Yukarıda anlatılan somut olay ve belirtilen mevzuat çerçevesinde, arama ve elkoyma işlemi Anayasa"nın 20. maddesi ve CMK"nın 116 ve devamı maddeleri uyarınca istisnasız hakim kararı, gecikmesinde sakınca bululanan hallerde Cumhuriyet savcıcısı ve Cumhuriyet savcısına ulaşılmaması durumunda ise kolluk amirinin yazılı emri ile yapılabileceği kuşkusuzdur. Ancak çok istisnai ve acele hallerde kolluk amirinin yazılı emrinin dahi alınamayacağı bir durum söz konusu olursa kolluk görevlisinin doğrudan arama ve elkoyma işlemi yapması sonucu elde edilen deliller hukuka uygundur.
Kaldıki kolluk, Cumhuriyet savcısına olayı derhal bildirmiş, Cumhuriyet savcısının şifai talimatı doğrultusunda 13/06/2008 saat 17.30 sıralarında arama yapılmış ve bu husus Cumhuriyet savcısına yazılı olarak aynı gün saat 18.00 tarihinde sunularak onun onayıda alınarak diğer yasal işlemlere devam olunmuştur.
Yukarıda arz ve izah edildiği üzere suçüstü halinde Cumhuriyet savcısının önce şifai daha sonra bu emri onaylayan yazılı talimatları sonucu suça konu uyuşturucu madde elde edildiğinden, elde edilen delillerinde hukuka uygun olarak kabul edilmesi ve sanıklara verilen mahkumiyet hükmünün onanması istenmiştir.
C)CUMHURİYET BAŞSAVCISININ İTİRAZIYLA İLGİLİ YASA HÜKÜMLERİ:
1- 5271 sayılı Ceza Muhakemesi Kanunu"nun 308. maddesi:
(1) Yargıtay ceza dairelerinden birinin kararına karşı Yargıtay Cumhuriyet Başsavcısı, resen veya istem üzerine, ilâmın kendisine verildiği tarihten itibaren otuz gün içinde Ceza Genel Kurulu"na itiraz edebilir. Sanığın lehine itirazda süre aranmaz.
(2) (05.07.2012 tarihli Resmî Gazete"de yayımlanan 6352 sayılı Kanun"la eklenen fıkra) İtiraz üzerine dosya, kararına itiraz edilen daireye gönderilir.
(3) (05.07.2012 tarihli Resmî Gazete"de yayımlanan 6352 sayılı Kanun"la eklenen fıkra) Daire, mümkün olan en kısa sürede itirazı inceler ve yerinde görürse kararını düzeltir; görmezse dosyayı Yargıtay Ceza Genel Kurulu"na gönderir.
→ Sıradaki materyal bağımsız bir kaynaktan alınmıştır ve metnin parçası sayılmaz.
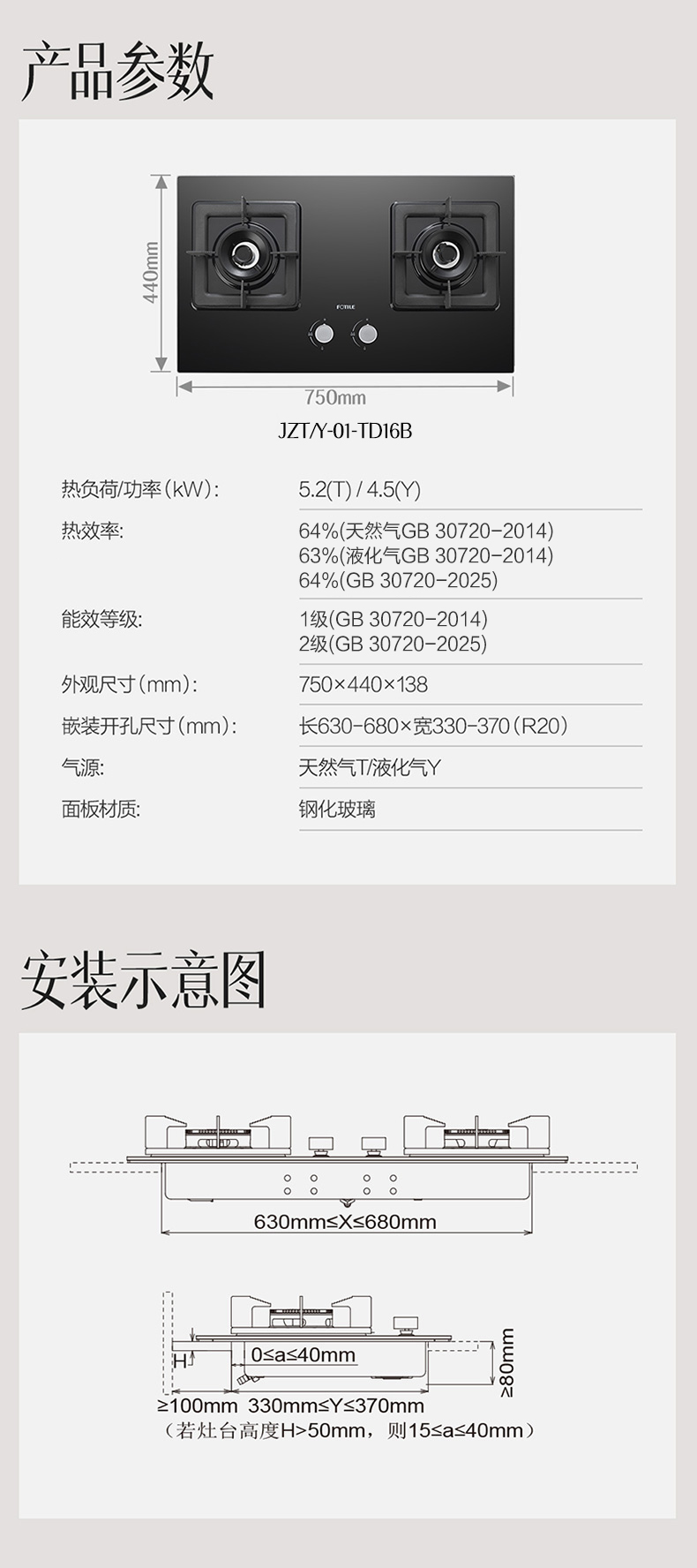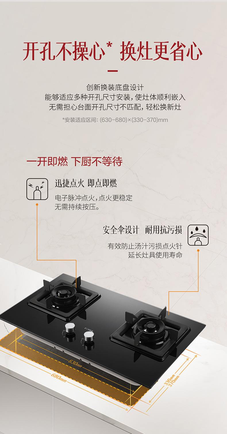 全新安装时,建议开孔长(左右)630*宽(前后)330 R角20;如果做替换安装,可接受的开孔范围:长(左右)(630-680)*宽(前后)(330-370) R角20;具体见说明书安装示意图

2- 5320 sayılı Ceza Muhakemesi Kanunu"nun Yürürlük ve Uygulama Şekli Hakkında Kanun"un geçici 5. maddesi (05.07.2012 tarihli Resmî Gazete"de yayımlanan 6352 sayılı Kanun"la eklenen):
(1) Ceza Muhakemesi Kanunu"nun 308. maddesinde yapılan değişiklikler, bu kanunun yayımı tarihinde Yargıtay Ceza Genel Kurulu"nda bulunan ve henüz karara bağlanmamış dosyalar hakkında da uygulanır.
D) İTİRAZIN VE KONUNUN İRDELENMESİ:
Dairemizin itiraza konu olan kararının, itiraz yazısında ileri sürülen tüm nedenler tartışılıp değerlendirilerek verildiği ve kararda bir yanlışlık bulunmadığı anlaşıldığından, Yargıtay Cumhuriyet Başsavcılığı"nın itirazı yerinde görülmemiştir.
İtirazın incelenmesi için dosyanın Yargıtay Ceza Genel Kurulu"na gönderilmesine karar vermek gerekmektedir.
E) KARAR: Açıklanan nedenlerle;
1- Yargıtay Cumhuriyet Başsavcılığı"nın itirazının yerinde görülmediğine,
2- 5271 sayılı CMK"nın 308. maddesinin ikinci fıkrası uyarınca, itirazın incelenmesi için dosyanın Yargıtay Ceza Genel Kurulu"na GÖNDERİLMESİNE,
12/04/2016 tarihinde, oybirliğiyle karar verildi.